The Gustavian Weekly

Thinking like a champion: the power of mental toughness

By Haley Bell Staff Writer | April 19, 2013 | Sports & Fitness

Haley_BellElite athletes from all over the world compete in a variety of championships and Olympic games. The elite have always left the general population in awe of their unbelievable capabilities. Many of us often dream of being one of those competitors. Some forget that an athlete’s psychological processes have a great deal to do with the outcome we see. To physically get to the elite level, an athlete needs to strive for a specific type of mentality. So what is it about their mentality that differs from the majority of us?

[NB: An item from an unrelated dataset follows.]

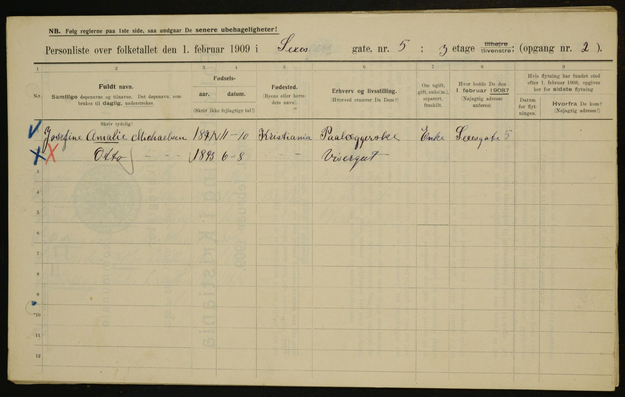 Municipal Census 1909 for Kristiania, Astaref: OBA/A-20057/Gbi

According to a study from Sport Psychology, mental toughness is the key as it is viewed as one of the most important psychological traits in determining athletic success. Mental toughness refers to an inner focus and commitment to rise above challenges when facing adversity.

The study took thirty-two attributes of Mental Toughness and placed them into four dimensions. The first, attitude and mindset, is defined as, “the ability to maintain a positive attitude and keep your eye on the prize. Another aspect, training, involves, “establishing long-term goals, motivation, pushing performance, and learning to control the environment.” An equally important factor, competition, is “handling pressure, belief, regulating performance, staying focused, and being aware, (and being in control of), your emotions and the environment. Finally, post-competition is the ability to handle failure and success.

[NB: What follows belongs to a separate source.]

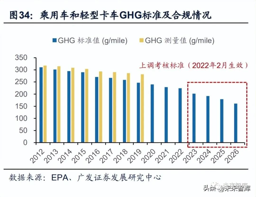 (3)提升 2023-2026 年 GHG 氣體排放考核標準。當前美國采用 CAFE 體系 (燃油經濟性)與 GHG 體系(碳排放指標)分別對車輛動力系統的經濟性及車輛 運行時對環境的影響進行監管。2021 年 12 月美國國家環境保護局(EPA)發布新版 GHG 標準,調整了 2023~2026 年車型年的 GHG 排放要求,相比此前的 SAFE 規則,考核要求持續提升。按照最新規則,從 2022 車型年到 2023 車型年,GHG 排放加嚴約 10%,2024 車型年進一步加嚴了 5%,2025 和 2026 車型年則分別在 上一年的基礎上加嚴 6.6.%和 10%。最終美國輕型車(乘用車和輕型貨車)的綜合 平均 CO2 排放當量在 2026 年的對應值約為 161 g/mile。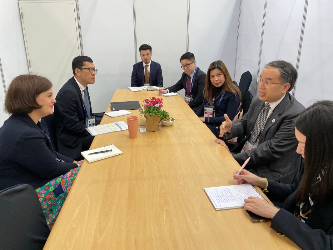 圖片來源:政府新聞網。圖示許正宇(右二)與在亞洲開發銀行董事會中代表香港所屬組別的執行董事Rachel Thompson(左一)會面。香港駐東京經濟貿易首席代表歐慧心(右三)亦有出席。 許正宇在與韓國銀行總裁李昌鏞的會議上表示,儘管2022年環球金融市場因通貨膨脹和利率上升面對艱難的境況,香港金融市場仍有強韌穩健的金融體系支撐;近期國際銀行業的動盪對香港銀行體系和貨幣穩定的影響微乎其微。 許正宇亦與李昌鏞分享去年十月發表有關虛擬資產在港發展的政策宣言。該政策宣言闡明政府的願景和政策方針,以建立一個便利的環境,並訂出所需規限,按照國際標準緩減實際和潛在風險,促進香港虛擬資產行業得以可持續和負責任地發展。

“People who become champions aren’t necessarily more gifted than others; they’re just masters at managing pressure, tackling goals, and driving themselves to stay ahead of the competition,” cultural and linguistic anthropologist Graham Jones said.

The difference between the elite and the rest of the world could largely have something to do with these attributes. These psychological processes can either be developed or natural. Either way, they enable a person to cope with the demands of a sport.

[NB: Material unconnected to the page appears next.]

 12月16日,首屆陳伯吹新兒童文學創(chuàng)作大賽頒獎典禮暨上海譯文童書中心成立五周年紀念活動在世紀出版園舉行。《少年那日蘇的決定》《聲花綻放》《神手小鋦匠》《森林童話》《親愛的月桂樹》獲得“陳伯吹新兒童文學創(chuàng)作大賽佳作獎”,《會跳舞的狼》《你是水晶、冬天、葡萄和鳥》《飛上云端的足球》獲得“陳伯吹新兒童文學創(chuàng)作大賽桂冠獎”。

There are ways to overcome what the study refers to as “low mental toughness.” In an article titled Mind Gains by Bruce Barcott, top sports psychologists shared five ways to compete with mind over matter. His first tip is to worry early, not late.

“You want to prepare for misfortunes in advance. You should decide what your worries are and overcome them during your training. When competition comes closer you should be focusing on your strengths and what you did in training to prepare,” Barcott said.

His second tip is to employ a key word. In doing this athletes use a “key word” during an intense moment in training or competition to get a response they’re looking for. While in competition Barcott believes that it is equally important for athletes to embrace their competitors.

“Think about competing with the other athletes rather than against them. Tough competition should be used to bring out your best,” Barcott said.

Finally, Barcott’s last piece of advice is to “define success by your progress”. While it is easy for athletes to get caught up in how their competition is doing or where they envision themselves being, focusing on your you’re progressing is the true key to athletic success and confidence.

“Think about getting better every day and measure your success in terms of progress. Focus on something you can do today that you couldn’t do before,” Barcott said.

For many athletes, a “mental block” can hinder their performance to a great extent. Fortunately, the same techniques used by the “pros” can also help college level athletes. Having a positive mindset and focusing on small improvements rather than the competition is something that athletes from every level and discipline can benefit from.